__Exercise requirements__: Output the full listing exactly, character for character.
===== Dataset =====
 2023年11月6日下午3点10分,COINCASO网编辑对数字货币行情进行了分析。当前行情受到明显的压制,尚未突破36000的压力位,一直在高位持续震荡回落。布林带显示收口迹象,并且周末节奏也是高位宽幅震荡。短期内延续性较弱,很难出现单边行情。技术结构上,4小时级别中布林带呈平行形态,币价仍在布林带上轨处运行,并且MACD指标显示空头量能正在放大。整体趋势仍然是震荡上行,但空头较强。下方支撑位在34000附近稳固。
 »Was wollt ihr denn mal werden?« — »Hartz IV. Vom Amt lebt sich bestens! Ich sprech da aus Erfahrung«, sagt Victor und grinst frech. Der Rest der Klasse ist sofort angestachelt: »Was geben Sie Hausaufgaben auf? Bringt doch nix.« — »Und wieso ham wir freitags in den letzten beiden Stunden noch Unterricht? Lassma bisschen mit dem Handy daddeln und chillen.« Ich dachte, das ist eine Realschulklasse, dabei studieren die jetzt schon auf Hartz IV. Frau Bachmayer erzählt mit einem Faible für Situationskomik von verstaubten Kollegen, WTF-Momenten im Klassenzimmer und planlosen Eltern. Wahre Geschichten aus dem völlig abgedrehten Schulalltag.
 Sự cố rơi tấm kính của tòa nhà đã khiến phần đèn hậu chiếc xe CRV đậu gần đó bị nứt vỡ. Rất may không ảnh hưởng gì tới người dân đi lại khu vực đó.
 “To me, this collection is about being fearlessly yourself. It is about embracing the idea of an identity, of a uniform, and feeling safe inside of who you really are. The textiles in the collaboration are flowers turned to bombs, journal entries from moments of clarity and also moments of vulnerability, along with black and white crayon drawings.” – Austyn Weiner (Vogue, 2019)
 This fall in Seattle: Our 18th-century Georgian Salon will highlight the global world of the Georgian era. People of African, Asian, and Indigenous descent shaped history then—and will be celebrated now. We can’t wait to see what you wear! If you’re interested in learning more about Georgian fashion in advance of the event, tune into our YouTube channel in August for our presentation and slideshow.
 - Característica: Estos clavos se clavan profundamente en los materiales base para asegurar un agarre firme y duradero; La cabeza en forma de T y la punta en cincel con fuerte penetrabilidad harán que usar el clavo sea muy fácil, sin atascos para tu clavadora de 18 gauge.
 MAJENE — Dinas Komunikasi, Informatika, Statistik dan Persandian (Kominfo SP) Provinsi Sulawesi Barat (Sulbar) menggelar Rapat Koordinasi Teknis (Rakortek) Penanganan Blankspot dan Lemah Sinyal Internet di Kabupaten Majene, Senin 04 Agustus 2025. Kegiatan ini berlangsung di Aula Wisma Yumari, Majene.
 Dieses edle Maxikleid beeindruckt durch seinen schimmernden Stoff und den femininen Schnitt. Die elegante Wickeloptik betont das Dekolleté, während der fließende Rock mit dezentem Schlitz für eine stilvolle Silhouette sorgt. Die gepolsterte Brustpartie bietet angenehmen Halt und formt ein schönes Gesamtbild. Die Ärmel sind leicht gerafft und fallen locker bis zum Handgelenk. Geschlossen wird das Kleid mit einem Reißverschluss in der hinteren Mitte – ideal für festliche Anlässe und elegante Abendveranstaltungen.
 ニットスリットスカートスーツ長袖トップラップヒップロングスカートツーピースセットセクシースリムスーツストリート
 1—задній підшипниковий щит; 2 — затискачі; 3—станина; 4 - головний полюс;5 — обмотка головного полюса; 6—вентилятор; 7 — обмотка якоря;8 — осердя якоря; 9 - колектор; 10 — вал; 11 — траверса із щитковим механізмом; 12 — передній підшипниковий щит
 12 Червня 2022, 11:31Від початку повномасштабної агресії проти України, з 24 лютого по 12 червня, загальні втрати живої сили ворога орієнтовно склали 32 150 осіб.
=====
__Answer to the exercise__:
 2023年11月6日下午3点10分,COINCASO网编辑对数字货币行情进行了分析。当前行情受到明显的压制,尚未突破36000的压力位,一直在高位持续震荡回落。布林带显示收口迹象,并且周末节奏也是高位宽幅震荡。短期内延续性较弱,很难出现单边行情。技术结构上,4小时级别中布林带呈平行形态,币价仍在布林带上轨处运行,并且MACD指标显示空头量能正在放大。整体趋势仍然是震荡上行,但空头较强。下方支撑位在34000附近稳固。
 »Was wollt ihr denn mal werden?« — »Hartz IV. Vom Amt lebt sich bestens! Ich sprech da aus Erfahrung«, sagt Victor und grinst frech. Der Rest der Klasse ist sofort angestachelt: »Was geben Sie Hausaufgaben auf? Bringt doch nix.« — »Und wieso ham wir freitags in den letzten beiden Stunden noch Unterricht? Lassma bisschen mit dem Handy daddeln und chillen.« Ich dachte, das ist eine Realschulklasse, dabei studieren die jetzt schon auf Hartz IV. Frau Bachmayer erzählt mit einem Faible für Situationskomik von verstaubten Kollegen, WTF-Momenten im Klassenzimmer und planlosen Eltern. Wahre Geschichten aus dem völlig abgedrehten Schulalltag.
 Sự cố rơi tấm kính của tòa nhà đã khiến phần đèn hậu chiếc xe CRV đậu gần đó bị nứt vỡ. Rất may không ảnh hưởng gì tới người dân đi lại khu vực đó.
 “To me, this collection is about being fearlessly yourself. It is about embracing the idea of an identity, of a uniform, and feeling safe inside of who you really are. The textiles in the collaboration are flowers turned to bombs, journal entries from moments of clarity and also moments of vulnerability, along with black and white crayon drawings.” – Austyn Weiner (Vogue, 2019)
 This fall in Seattle: Our 18th-century Georgian Salon will highlight the global world of the Georgian era. People of African, Asian, and Indigenous descent shaped history then—and will be celebrated now. We can’t wait to see what you wear! If you’re interested in learning more about Georgian fashion in advance of the event, tune into our YouTube channel in August for our presentation and slideshow.
 - Característica: Estos clavos se clavan profundamente en los materiales base para asegurar un agarre firme y duradero; La cabeza en forma de T y la punta en cincel con fuerte penetrabilidad harán que usar el clavo sea muy fácil, sin atascos para tu clavadora de 18 gauge.
 MAJENE — Dinas Komunikasi, Informatika, Statistik dan Persandian (Kominfo SP) Provinsi Sulawesi Barat (Sulbar) menggelar Rapat Koordinasi Teknis (Rakortek) Penanganan Blankspot dan Lemah Sinyal Internet di Kabupaten Majene, Senin 04 Agustus 2025. Kegiatan ini berlangsung di Aula Wisma Yumari, Majene.
 Dieses edle Maxikleid beeindruckt durch seinen schimmernden Stoff und den femininen Schnitt. Die elegante Wickeloptik betont das Dekolleté, während der fließende Rock mit dezentem Schlitz für eine stilvolle Silhouette sorgt. Die gepolsterte Brustpartie bietet angenehmen Halt und formt ein schönes Gesamtbild. Die Ärmel sind leicht gerafft und fallen locker bis zum Handgelenk. Geschlossen wird das Kleid mit einem Reißverschluss in der hinteren Mitte – ideal für festliche Anlässe und elegante Abendveranstaltungen.
 ニットスリットスカートスーツ長袖トップラップヒップロングスカートツーピースセットセクシースリムスーツストリート
 1—задній підшипниковий щит; 2 — затискачі; 3—станина; 4 - головний полюс;5 — обмотка головного полюса; 6—вентилятор; 7 — обмотка якоря;8 — осердя якоря; 9 - колектор; 10 — вал; 11 — траверса із щитковим механізмом; 12 — передній підшипниковий щит
 12 Червня 2022, 11:31Від початку повномасштабної агресії проти України, з 24 лютого по 12 червня, загальні втрати живої сили ворога орієнтовно склали 32 150 осіб.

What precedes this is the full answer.